Meuterei vor 225 Jahren: Der Mythos „Bounty“ lebt
London (dpa) - Skrupellose, machtbesessene Kapitäne geben großartigen Romanstoff ab. Man denke an Ahab in „Moby Dick“ und Flint in der „Schatzinsel“. Oder Kapitän Bligh, gegen den die Mannschaft der „Bounty“ meuterte.
Dass der echte William Bligh gar kein Kapitän war, sondern nur Leutnant, und möglicherweise auch gar nicht besonders grausam, spielt für den „Bounty“-Mythos keine Rolle. In den meisten Versionen der Erzählung drangsaliert er seine Mannschaft dermaßen, dass man ihm die Meuterei von Herzen gönnt. Am Montag (28. April) ist es genau 225 Jahre her, dass die Besatzung der „Bounty“ Bligh dem vermeintlich sicheren Tod auf dem Meer überließ.
Zusammengefasst beschreibt das Royal Navy Museum im südenglischen Portsmouth die Geschichte so: Etwa 45 Seeleute reisen 1787 unter britischer Flagge in die Südsee, um Brotfruchtbaum-Stecklinge aus Tahiti auf die Antillen zu transportieren. Auf dem Rückweg meutert ein Teil der Mannschaft, allen voran Fletcher Christian. Bligh und knapp 20 Männer, die zu ihm halten, werden am 28. April 1789 auf einer Barkasse ausgesetzt.
Bligh erreicht mit seinen Leuten einen europäischen Stützpunkt.
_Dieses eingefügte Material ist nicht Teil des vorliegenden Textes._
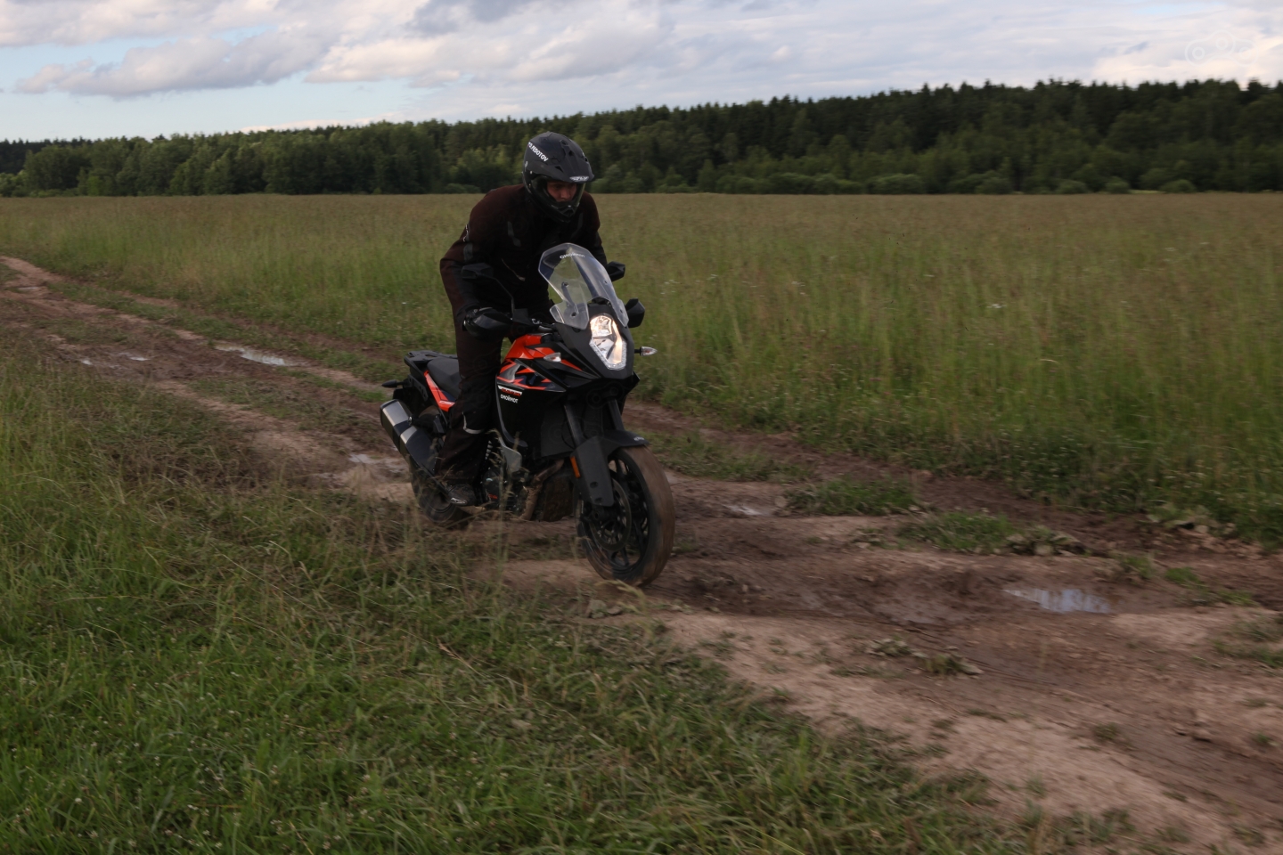 На лёгком оффроуде мотоцикл чувствует себя уверенно, спасибо длинноходным подвескам

Ein Teil der Meuterer bleibt auf Tahiti und wird später festgenommen. Christian und einige andere siedeln sich auf der ziemlich einsamen Insel Pitcairn im Südpazifik an, wo bis heute noch direkte Nachkommen der Meuterer leben.
Dramatische Stürme auf hoher See, der Machtkampf zwischen Bligh und Christian, knapper Proviant und Liebesbeziehungen zwischen der Besatzung und schönen Tahitianerinnen - die „Bounty“-Erzählung hat alles, was großes Kino braucht. Tatsächlich sind es wohl vor allem die Verfilmungen, die das Schicksal des Dreimasters und seiner Besatzung, das schon die Zeitgenossen elektrisierte, bis heute zum Allgemeingut nicht nur für Seefahrt-Fans machen.
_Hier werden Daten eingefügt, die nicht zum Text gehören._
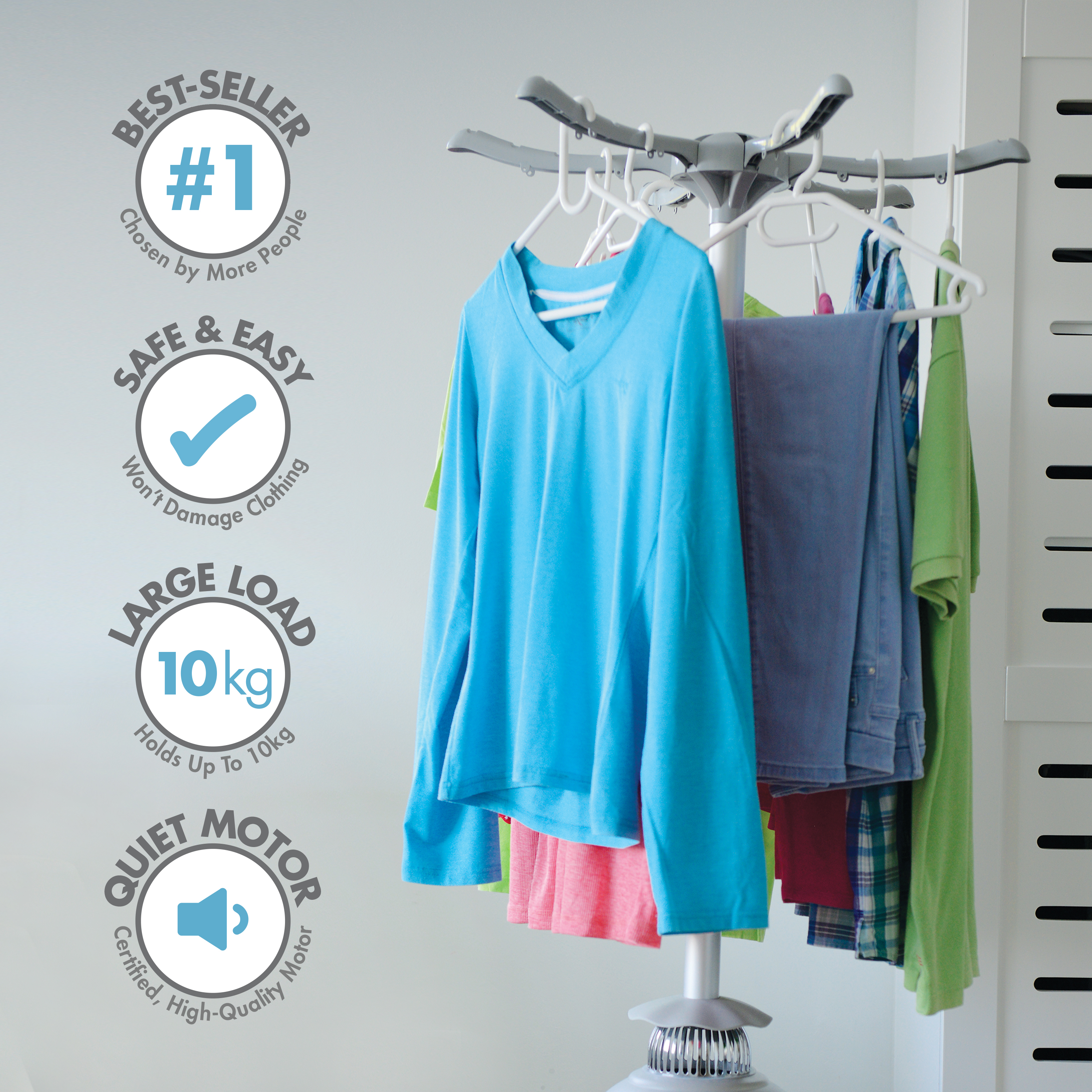 ** Depending on type & thickness of fabric & quantity of clothes in the Bennett Read 900w DriBuddi.

Clark Gable, Marlon Brando und Mel Gibson durften 1935, 1962 und 1984 jeweils Fletcher Christian und damit den heldenhaften Kontrahenten des grausamen Bligh spielen - allerdings hält sich die jüngste Verfilmung stärker an die Tatsachen als ihre Vorgänger. Als Quellen dienen etwa zeitgenössische Zeitungsberichte, Blighs Aufzeichnungen und Gerichtsakten der Prozesse gegen ihn und die Meuterer.
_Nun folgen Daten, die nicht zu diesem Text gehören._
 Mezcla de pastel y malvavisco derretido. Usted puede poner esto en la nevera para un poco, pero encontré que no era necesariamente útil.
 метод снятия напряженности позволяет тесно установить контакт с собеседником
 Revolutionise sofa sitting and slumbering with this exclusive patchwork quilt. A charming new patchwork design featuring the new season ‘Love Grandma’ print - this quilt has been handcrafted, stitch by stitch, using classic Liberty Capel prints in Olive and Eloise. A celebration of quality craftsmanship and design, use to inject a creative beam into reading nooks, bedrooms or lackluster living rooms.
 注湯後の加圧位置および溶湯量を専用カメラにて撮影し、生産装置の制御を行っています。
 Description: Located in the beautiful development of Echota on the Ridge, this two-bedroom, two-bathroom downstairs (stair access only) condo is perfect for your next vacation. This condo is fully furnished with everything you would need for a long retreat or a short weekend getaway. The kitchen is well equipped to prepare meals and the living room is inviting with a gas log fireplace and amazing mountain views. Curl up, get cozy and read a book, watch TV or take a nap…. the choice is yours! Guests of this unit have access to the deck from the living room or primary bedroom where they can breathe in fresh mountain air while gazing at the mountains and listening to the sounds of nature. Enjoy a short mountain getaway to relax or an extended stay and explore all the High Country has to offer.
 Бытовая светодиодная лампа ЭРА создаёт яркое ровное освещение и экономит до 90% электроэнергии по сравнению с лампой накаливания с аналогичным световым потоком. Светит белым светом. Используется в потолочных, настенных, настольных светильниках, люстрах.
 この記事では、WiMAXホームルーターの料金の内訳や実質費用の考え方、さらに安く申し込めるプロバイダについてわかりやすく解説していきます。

Experten sind sich weitgehend einig: Bligh war für seine Zeit gar nicht ungewöhnlich sadistisch. „Ich habe keinen Grund zu strafen, ich habe keine Missetäter, und alles läuft nach meinen höchsten Erwartungen“, schrieb er in einem Brief von unterwegs, den die englischsprachige Autorin Caroline Alexander in ihrem Buch „Die Bounty“ dokumentiert. Und dass mangelnde Disziplin mit der „neunschwänzigen Katze“ bestraft wurde, die man heute eher in Foltermuseen findet, war durchaus üblich.
Ist Bligh vielleicht sogar der heimliche Held der Geschichte? Dass er sich und die anderen Männer in einem überfüllten Boot und unter kaum vorstellbaren Entbehrungen 41 Tage lang unfallfrei fast 6000 Kilometer durch die Südsee navigierte, ist zweifellos eine Meisterleistung. Nur ein Mann kam unterwegs um, und den erschlugen Einheimische auf einer Insel.
Zu wem man 225 Jahre nach der Meuterei auch hält, faszinierend bleibt die „Bounty“ auf jeden Fall. Neben den drei großen Verfilmungen gibt es unzählige Dokus, Fernsehfilme, Hörspiele, Romane und Sachbücher, die die Geschichte nacherzählen oder an sie anknüpfen. Sogar für einen Schokoriegel stand das Schiff Pate.
Und wer die „Bounty“ selbst in Augenschein nehmen will, kann das tun. Vor der Insel Pitcairn liegt zwar nur noch ihr Wrack, und der Kino-Nachbau aus den 60er Jahren fiel 2012 dem Hurrikan „Sandy“ zum Opfer. Die zweite Film-„Bounty“ liegt aber bis heute, nach wie vor seetüchtig, im Hafen von Hongkong.